The moment he said "everything is so political nowadays" I knew immediately where the conversation was heading.
Unless you actually know what insane shit she has been saying, the dude was so god damn vague about the exact statements she has made that if you didn't know any better it would seem like the "hate" she gets is unwarranted.
He brings up how the boycott of the recent wizard game was a failure and is "sad how no one can have an opinion anymore" and I'm like huh ????
Not ONCE does he bring up the word "transphobic" but only relies on calling the things she had said "opinions".
His language was so deceptive and frankly cowardly so he could manage to stay "neutral" in a way of which his audience would praise and applaud him for.
Let's not take into account of how her "opinions" are advocating for actual death of a group of people.

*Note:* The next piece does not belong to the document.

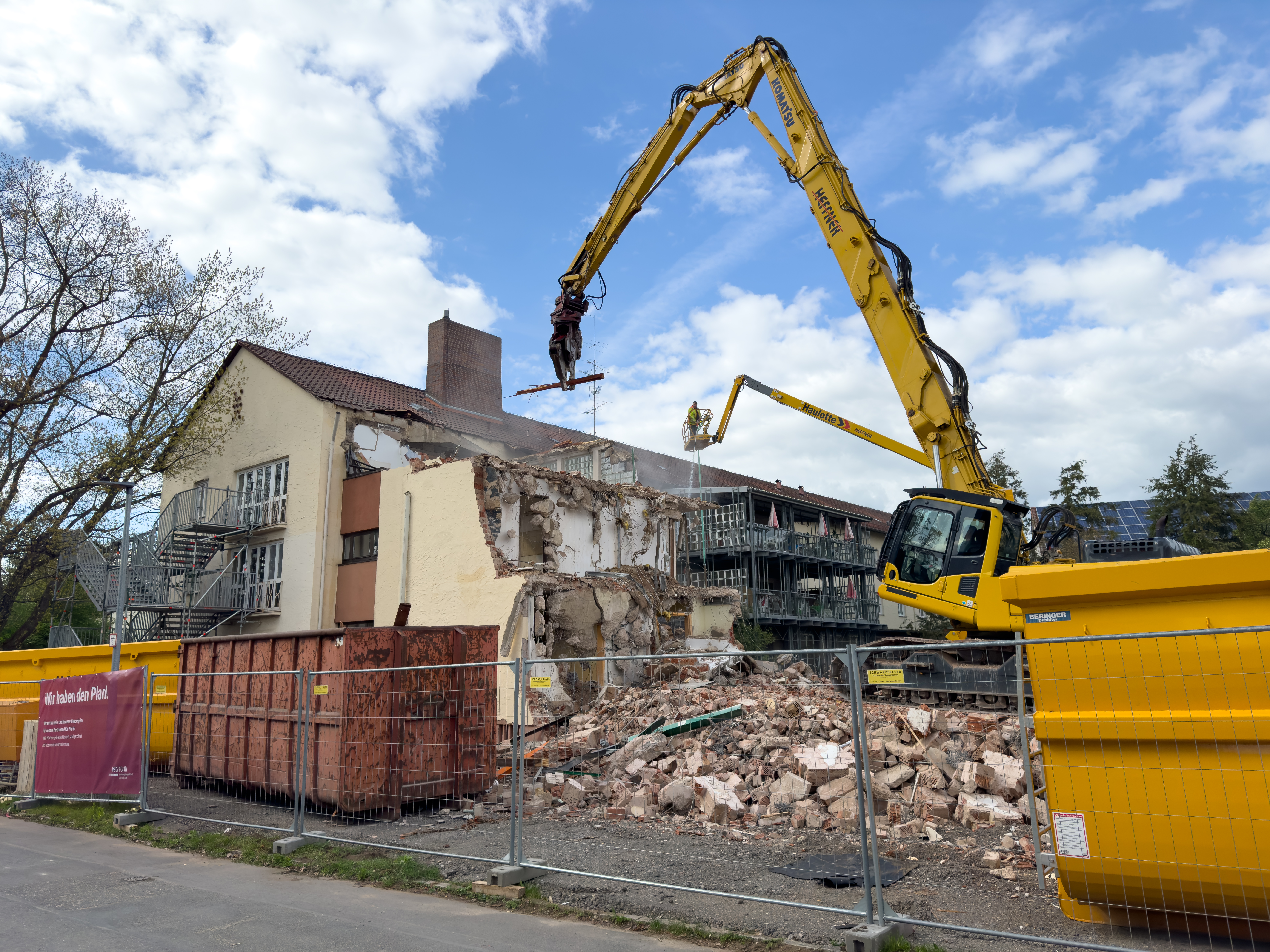 | Dateiinfo (Bild-Unterschrift und Info-Box, automatisch erstellt) | Abriss des südlichen Flügels des ehem. städtischen Stiftungsaltenheims, heutiges Paritätisches ... Abriss des südlichen Flügels des ehem. städtischen Stiftungsaltenheims, heutiges Paritätisches Seniorenstift Fürth, Apr. 2024<br>Urheber: Kamran Salimi<br><br>Lizenz: CC BY-SA 3.0 | ||

And to act as if people who are rightfully upset over the continuous support of a women who funds for such hateful groups as just the biproduct of cancel culture is insane to me.
Ofc the only comment below the video which brings up how the dude kept downplaying her hatred towards Trans ppl as just her "opinions" got the response of "imagine getting cancelled for believing in biology".
Really God damn annoyed i tell you, and as much as I want to leave a comment detailing my frustration under the video I have a feeling I will get dogpiled by absolute imbeciles so Imma just let it out all here
Already got that channel off my radar and now with this rant I feel a bit better which is nice.
Film bros content on YouTube walks on such a fine line of having actually constructive criticism while still being empathetic and then there are the ones who disguise their hatred for today's sociopolitical climate as constructive criticism.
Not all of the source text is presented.